WASHINGTON - The Bush administration has slashed its reward for the leader of al-Qaida in Iraq from $5 million to $100,000 because it feels he's lost effectiveness and is no longer worth such a steep price, officials said Tuesday.
Over the course of the last year, the government first reduced the bounty for Abu Ayyub al-Masri from $5 million to $1 million and then removed him entirely from the State Department's Rewards for Justice Program, which pays tipsters for information leading to the death or arrest and conviction of wanted terrorists, the officials said.
Information on al-Masri is now worth only up to $100,000 under a separate and less well-known rewards program run by the Defense Department, which asked that he be taken off the State Department list, they said.

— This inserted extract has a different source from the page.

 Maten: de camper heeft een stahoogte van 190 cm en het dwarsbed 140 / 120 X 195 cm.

Capt. Jamie Graybeal, a spokesman for U.S. Central Command, said the military considers intelligence and other factors on a recurring basis to re-evaluate the reward levels for those on wanted lists, at times adjusting up or down the dollar values it has placed on individuals.

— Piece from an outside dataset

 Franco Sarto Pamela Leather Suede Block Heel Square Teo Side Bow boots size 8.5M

The current assessment on al-Masri is that he is not as valuable as he used to be, he said.
"The value of this guy is not what it was, say, at this time last year," Graybeal said in a telephone interview from the command's headquarters in Tampa, Fla.
"Our assessment has led us to believe he's not as effective a leader on the battlefield ... and because of that he's just not as valuable to us," Graybeal said.

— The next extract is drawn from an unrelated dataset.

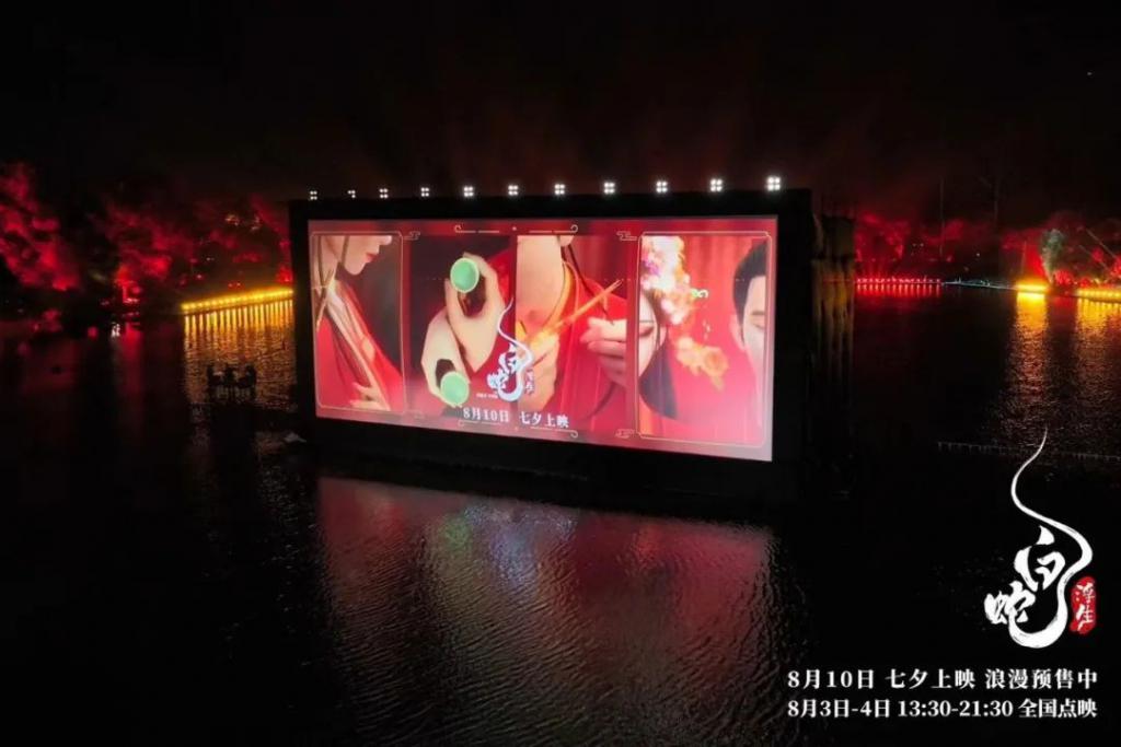 巨大屏幕立在湖光潋滟之上,观众坐在烟柳画桥边。

At the State Department, spokesman Sean McCormack said the decision to remove al-Masri from the list was a move that some officials thought would help their efforts to capture him.
"You have people making judgments that doing that will actually be more effective in helping in dealing with or getting our hands on this individual," he told reporters. "People on the ground think that these actions will actually help them in what they're doing to address the security threat."
Officials said that besides denigrating al-Masri's leadership skills, the reduction could lower his stature among potential informants who might otherwise be frightened to turn in a senior operative.